The check for the proceeds of the final sale of the property, both real and personal, although made payable to him, was drawn subject to the mutual understanding and agreement that it should be collected and divided by both, and that she should receive the portion belonging to her. If by reason of coverture this agreement at law was a nullity, yet in equity the actual intent and true understanding of the parties governs. Wood v. Chetwood, 44 N. J. Eq. 64, 66, 14 A. 21; 2 Story, Eq. Jur. (13th Ed.) § 1373. The sale by mutual consent severed the joint ownership. Williams v. Hensman, 1 Johns. & H. 546, 557; Edwards v. Champion, 3 DeG. M. & G. 202; Palmer v. Rich, [1897] 1 Ch. 134. And the money belonging to the plaintiff not having been received as his own, but under an implied trust to account for it as her individual property, she can maintain the bill to recover the amount withheld if intact, or if it is converted, to compel restitution from his own estate. Atlantic Bank v. Tavener, 130 Mass. 407; Frankel v. Frankel, 173 Mass. 214, 53 N.E. 398, 73 Am. St. Rep. 266; Atkins v. Atkins, 195 Mass. 129, 80 N.E. 806, 11 L. R. A. (N. S.) 273, 122 Am. St. Rep. 221; Hewitt v. Hayes, 204 Mass. 586, 90 N.E. 985, 27 L. R. A. (N. S.) 154; Crosby v. Clem, 209 Mass. 193, 195, 95 N.E. 297; Adoue v.
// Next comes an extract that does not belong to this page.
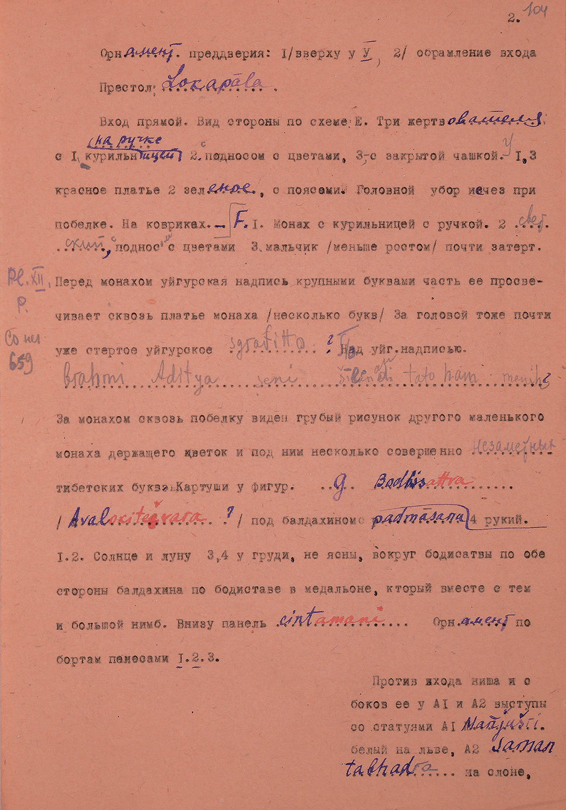 Ил. 3. Образец машинописного текста «Описания пещер Чан-фо-дуна близ Дунь-хуана» (пещера № 6) (СПбФ АРАН. Ф. 208. Оп. 1. Д. 175. Л. 104) © Санкт-Петербургский филиал Архива РАН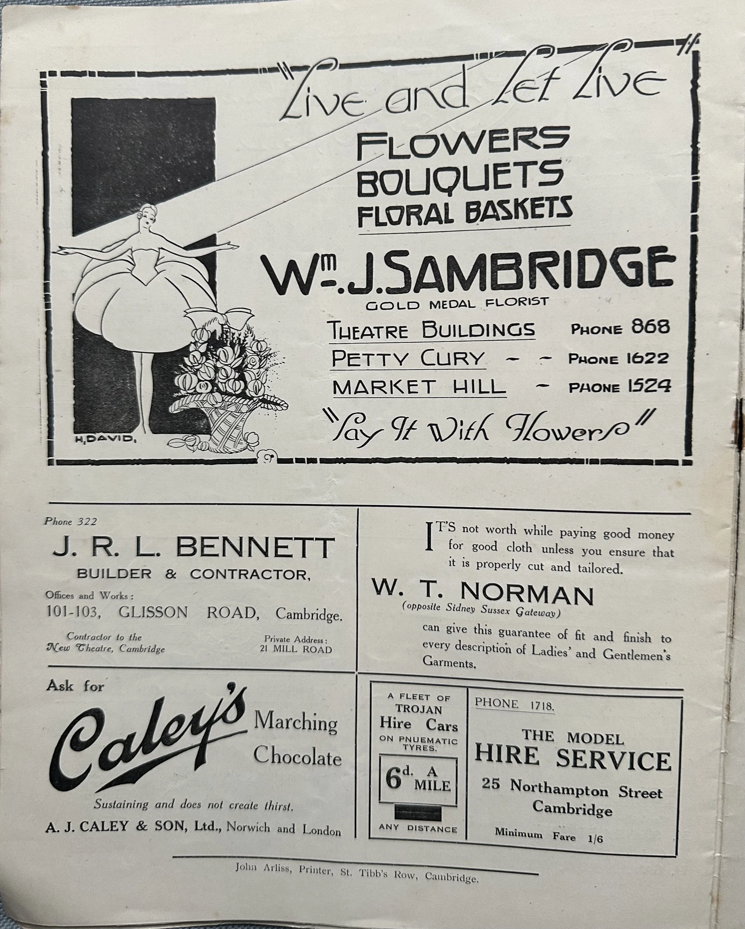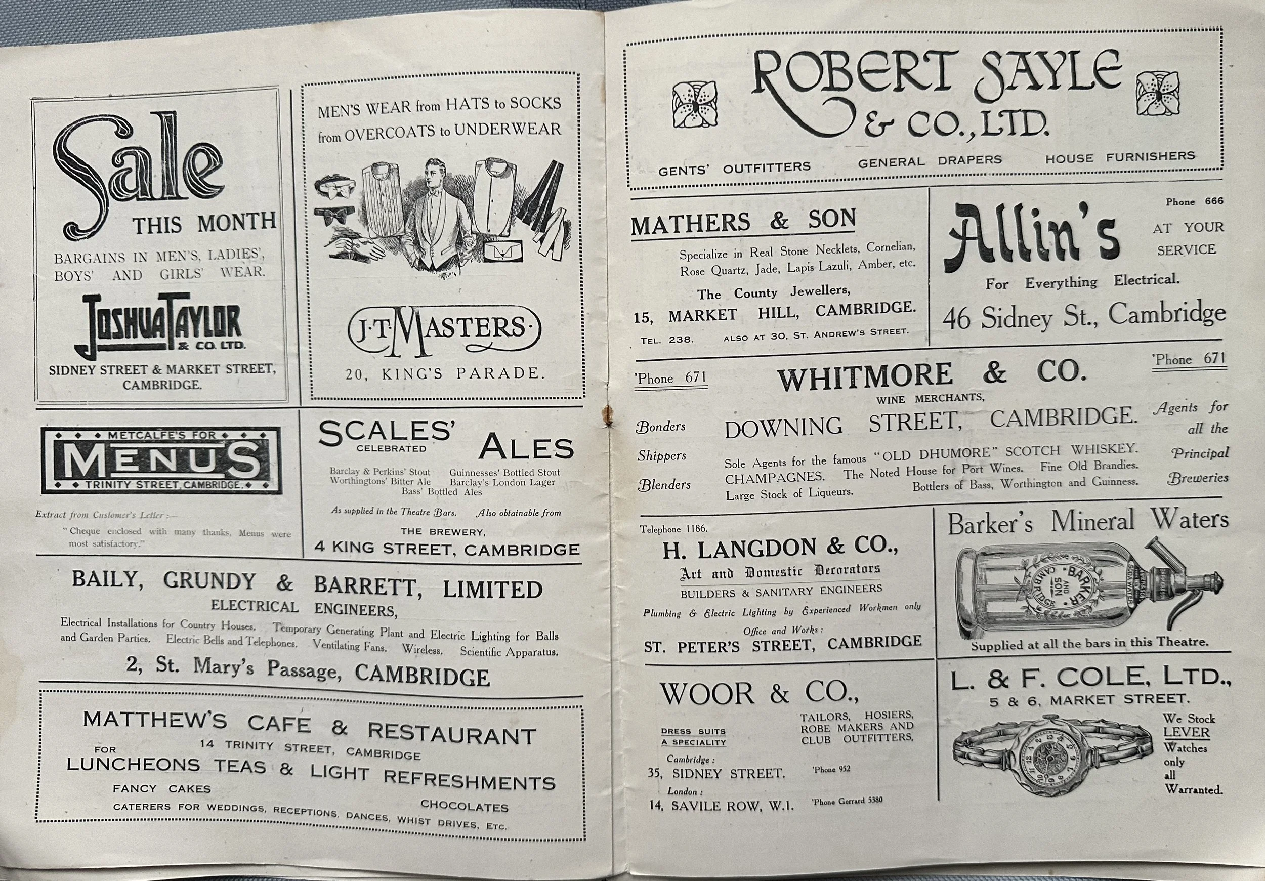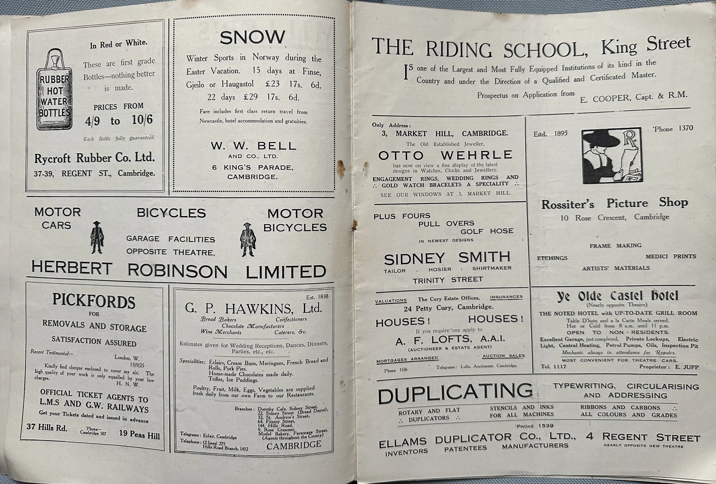 This programme flyer from the New Theatre in Cambridge is for the week commencing 15th February 1926. Included in the brochure are a good selection of advertisements from Cambridge businesses.

Spencer, 62 N. J. Eq. 788, 49 A. 10, 56 L. R. A. 817, 90 Am. St. Rep. 484; Metzker v. Bonebrake, 108 U.S. 66, 2 S.Ct. 351, 27 L.Ed. 654; Stickney v. Stickney, 131 U.S. 227, 9 S.Ct. 677, 33 L.Ed. 136; Garner v. Second Nat. Bank of Providence, 151 U.S. 420, 14 S.Ct. 390, 38 L.Ed. 218.

The subsequent transactions with his son, Frank E. Woodard, as detailed in the report, disclose his purpose not merely wrongfully to appropriate the plaintiff's money or share but to deprive her of all redress by placing the property beyond her reach. But if...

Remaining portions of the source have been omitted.